In our study, patients with chronic kidney disease (CKD), chronic lung disease, diabetes or who are immunocompromised were nearly twice as likely to be hospitalized than the general vaccinated population. Overall, these findings add to prior studies showing worse outcomes following COVID-19 infection in people who are immunocompromised, with diabetes, CKD, or with chronic lung disease (5–7) and adds additional support for recommendations of booster vaccines given these groups continue to fare worse than the general vaccinated population.

Diving deeper

Baseline Characteristics

Our overall study population consists of 1,707,650 fully vaccinated patients from the Truveta Platform. The Methods section (below) describes in more detail how the population was selected and prepared. We assigned to each patient whether they have a specific comorbidity (CKD, chronic lung disease, diabetes, or those who are immunocompromised) or are comorbidity-free. This led to five populations, one for each comorbidity of interest and one comorbidity-free general population. If a patient has multiple comorbidities, they were assigned to each of the corresponding comorbidities sub populations, see also the limitations discussion below for details. Table 1 summarizes the distributions of raw patient counts within each sub population:

General Population (Comorbidity-free) Chronic Lung Disease Chronic Kidney Disease Diabetes Immuno- compromised
N (fully vaccinated patients) 1,311,016 (100.0%) 140,866 (100.0%) 110,295 (100.0%) 134,667 (100.0%) 126,386 (100.0%)
Breakthrough Case 11,738 (0.9%) 1,584 (1.1%) 1,677 (1.5%) 1,442 (1.1%) 1,071 (0.8%)
Hospitalized for Breakthrough Case 876 (0.1%) 257 (0.2%) 441 (0.4%) 286 (0.2%) 215 (0.2%)
Age Group
<18 52,260 (4.0%) 4,685 (3.3%) 16 (0.0%) 342 (0.3%) 237 (0.2%)
18-49 535,217 (40.8%) 38,199 (27.1%) 4,669 (4.2%) 17,920 (13.3%) 13,939 (11.0%)
50-64 353,539 (27.0%) 37,715 (26.8%) 19,893 (18.0%) 41,830 (31.1%) 32,881 (26.0%)
65-74 228,781 (17.5%) 33,170 (23.5%) 33,592 (30.5%) 41,195 (30.6%) 40,704 (32.2%)
75+ 141,219 (10.8%) 27,097 (19.2%) 52,125 (47.3%) 33,380 (24.8%) 38,625 (30.6%)
Female 808,981 (61.7%) 91,097 (64.7%) 65,985 (59.8%) 69,128 (51.3%) 74,031 (58.6%)
Male 502,035 (38.3%) 49,769 (35.3%) 44,310 (40.2%) 65,539 (48.7%) 52,355 (41.4%)
White 872,709 (66.6%) 109,169 (77.5%) 88,685 (80.4%) 91,501 (67.9%) 105,103 (83.2%)
Asian 121,508 (9.3%) 7,866 (5.6%) 4,913 (4.5%) 13,320 (9.9%) 6,632 (5.2%)
Black or African American 31,106 (2.4%) 5,723 (4.1%) 4,907 (4.4%) 6,753 (5.0%) 3,120 (2.5%)
American Indian or Alaska Native 8,972 (0.7%) 1,827 (1.3%) 1,055 (1.0%) 1,862 (1.4%) 881 (0.7%)
Native Hawaiian or Other Pacific Islander 5,564 (0.4%) 875 (0.6%) 612 (0.6%) 1,326 (1.0%) 453 (0.4%)
Unknown 271,157 (20.7%) 15,406 (10.9%) 10,123 (9.2%) 19,905 (14.8%) 10,197 (8.1%)
Not Hispanic or Latino 985,681 (75.2%) 124,093 (88.1%) 97,030 (88.0%) 113,182 (84.0%) 115,697 (91.5%)
Hispanic or Latino 170,779 (13.0%) 11,624 (8.3%) 8,285 (7.5%) 16,418 (12.2%) 6,421 (5.1%)
Unknown 154,556 (11.8%) 5,149 (3.7%) 4,980 (4.5%) 5,067 (3.8%) 4,268 (3.4%)

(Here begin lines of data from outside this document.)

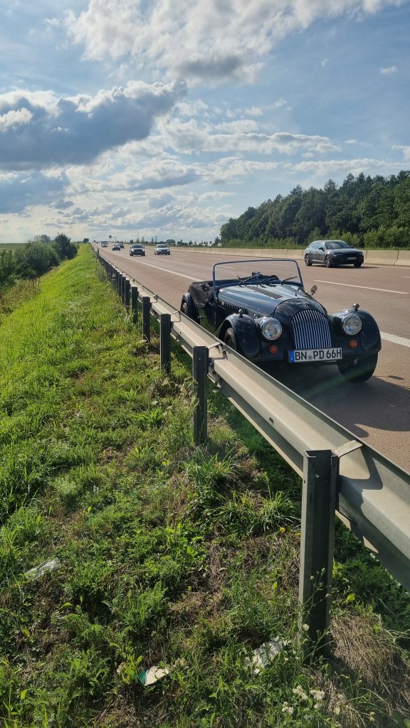 As I mentioned a couple times before – the Morgan is everything else but fast. Nevertheless it manages the 130km/h and it is easy to go with the mainstream traffic flow. Up to the Alphöhe the Autobahn A8 ascends in juts two lanes with a lot of curves. For unknown reason some overcautious drivers in front of me were doing 70 to 90 km/h.
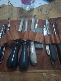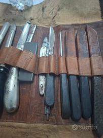 Set chirurgico veterinario vintage d'epoca. Composto da 17 attrezzi e borsa custodia in cuoio in buone condizioni. Per uso collezionistico
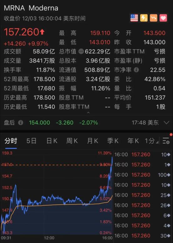 而其竞争对手Moderna尾盘暴涨,收涨10%,股价创新高。
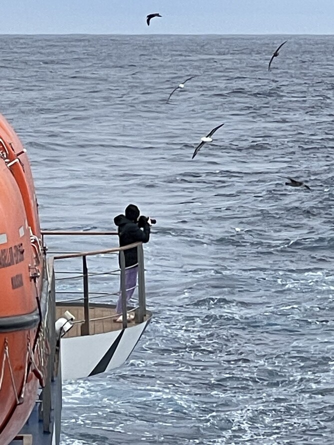 We have 2 1/2 days on the boat before we will see the penguins. There will be talks and we will all get to know one another. I love the vibe. Lots in common and the same sense of humour. Out on the deck with Rob and Jean, Bill and I look for seabirds and feel the cold fresh air. It is refreshing.
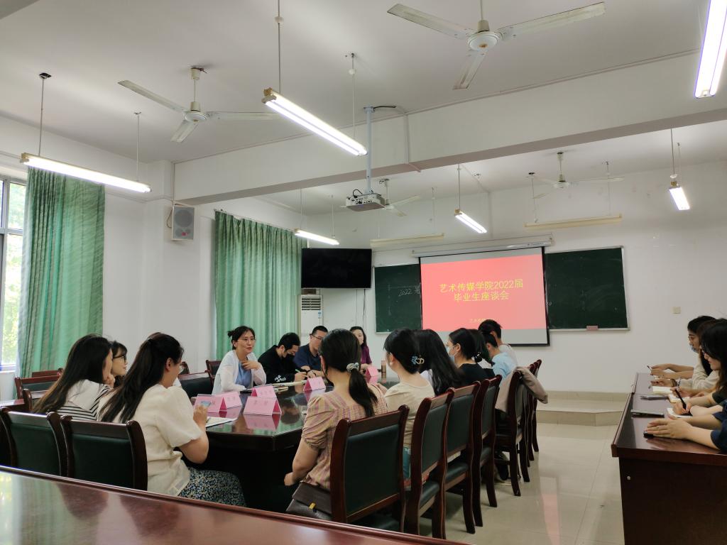 本网讯 6月14日下午,艺术传媒学院在艺术楼202室召开2022届毕业生代表座谈会。院党委副书记沙渺、学院6个专业教师代表、毕业班全体辅导员及各专业毕业生代表参加此次会议。
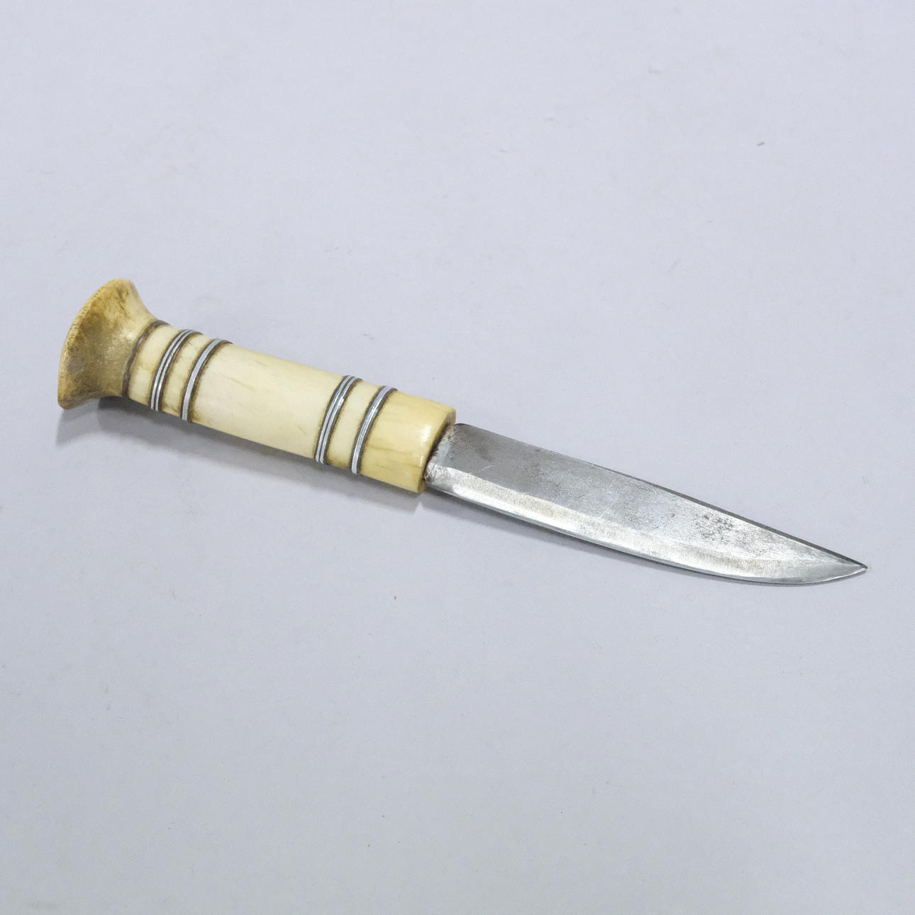 Griff aus Rentierhorn mit Einlagen aus 18 Karat Weißgold, Scheide aus Rentierhorn mit geschnitztem Dekor, das Landschaften mit Rentieren und Horn darstellt, Leder, erste Hälfte des 20. Jahrhunderts, Länge 23 cm.

Table 1: Baseline characteristics table for each of our comorbidity population along with the reference comorbidity-free general population. If a patient has multiple comorbidities, they were assigned to multiple corresponding comorbidity sub populations. Data represented are unweighted counts of patients.

Percentage of vaccinated with breakthrough case

The following Figure 1 and Table 2 summarize the association between comorbidities and the likelihood of having a COVID-19 breakthrough infection. We estimated two values: first, the percentage of the fully vaccinated population with a breakthrough infection. Second, an odds ratio which expresses how much more likely a patient with a specific comorbidity is having a breakthrough infection compared to the comorbidity-free general population. The Methods section describes details about our analysis. The results are based on weighted populations for each comorbidity which accounts for some of the differences between the people with and without the comorbidity. In addition, for visual simplicity, Figure 1 shows the percent of the population that experienced a breakthrough infection and the odds ratios of breakthrough infections for individuals with comorbidities compared to a comorbidity-free population, both calculated from weighted data (see Methods section). Table 2 includes the results for each individual population as well as the computed average comorbidity-free general population.

Truveta Insights COVID-19 breakthrough infections among vaccinated by comorbidity

Figure 1: Left: Percentage of the analyzed vaccinated population that experienced a breakthrough COVID-19 infection among individuals with comorbidities compared to a comorbidity-free population. These values are estimated from weighted data. Right: Odds ratios for breakthrough infection associated with having a comorbidity versus having none of the analyzed comorbidities. These values are estimated from weighted data.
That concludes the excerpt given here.